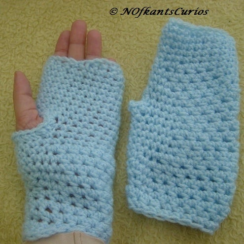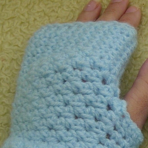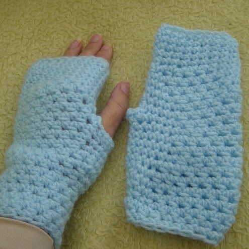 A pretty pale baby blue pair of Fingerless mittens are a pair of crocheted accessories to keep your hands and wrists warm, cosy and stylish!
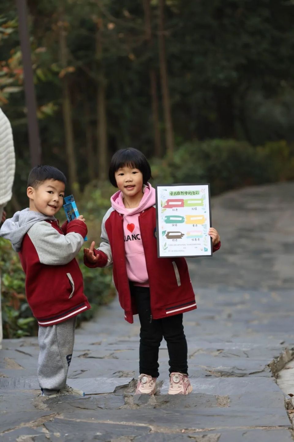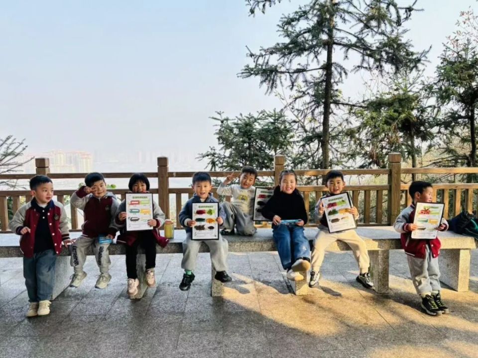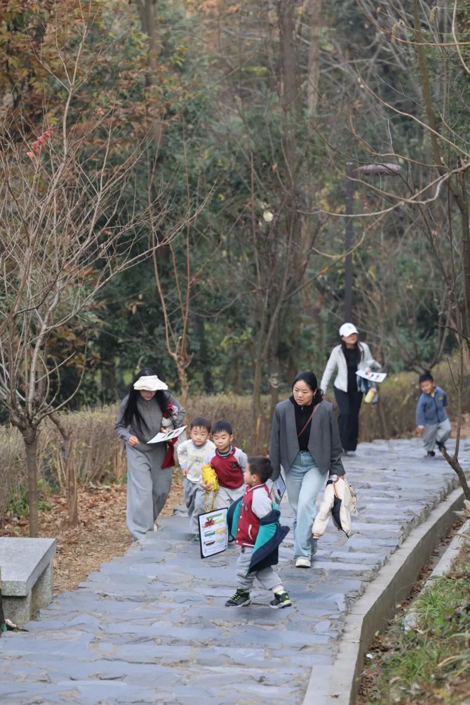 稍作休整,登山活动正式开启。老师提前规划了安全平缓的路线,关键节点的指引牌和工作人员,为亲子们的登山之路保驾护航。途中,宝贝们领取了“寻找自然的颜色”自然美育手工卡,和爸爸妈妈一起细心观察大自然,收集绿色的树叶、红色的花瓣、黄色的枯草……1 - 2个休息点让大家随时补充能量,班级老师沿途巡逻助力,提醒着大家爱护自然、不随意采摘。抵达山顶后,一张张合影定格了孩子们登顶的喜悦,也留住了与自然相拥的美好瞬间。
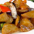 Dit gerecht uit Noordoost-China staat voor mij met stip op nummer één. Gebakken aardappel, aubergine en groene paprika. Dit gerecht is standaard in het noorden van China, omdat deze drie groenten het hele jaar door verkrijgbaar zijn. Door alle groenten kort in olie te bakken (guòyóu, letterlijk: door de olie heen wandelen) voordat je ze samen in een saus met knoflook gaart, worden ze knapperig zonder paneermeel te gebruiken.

- **WORK ITEM**:
Without including any pictures, print all of the material exactly as given.

- **WRITTEN SOLUTION**:
 A pretty pale baby blue pair of Fingerless mittens are a pair of crocheted accessories to keep your hands and wrists warm, cosy and stylish!
 稍作休整,登山活动正式开启。老师提前规划了安全平缓的路线,关键节点的指引牌和工作人员,为亲子们的登山之路保驾护航。途中,宝贝们领取了“寻找自然的颜色”自然美育手工卡,和爸爸妈妈一起细心观察大自然,收集绿色的树叶、红色的花瓣、黄色的枯草……1 - 2个休息点让大家随时补充能量,班级老师沿途巡逻助力,提醒着大家爱护自然、不随意采摘。抵达山顶后,一张张合影定格了孩子们登顶的喜悦,也留住了与自然相拥的美好瞬间。
 Dit gerecht uit Noordoost-China staat voor mij met stip op nummer één. Gebakken aardappel, aubergine en groene paprika. Dit gerecht is standaard in het noorden van China, omdat deze drie groenten het hele jaar door verkrijgbaar zijn. Door alle groenten kort in olie te bakken (guòyóu, letterlijk: door de olie heen wandelen) voordat je ze samen in een saus met knoflook gaart, worden ze knapperig zonder paneermeel te gebruiken.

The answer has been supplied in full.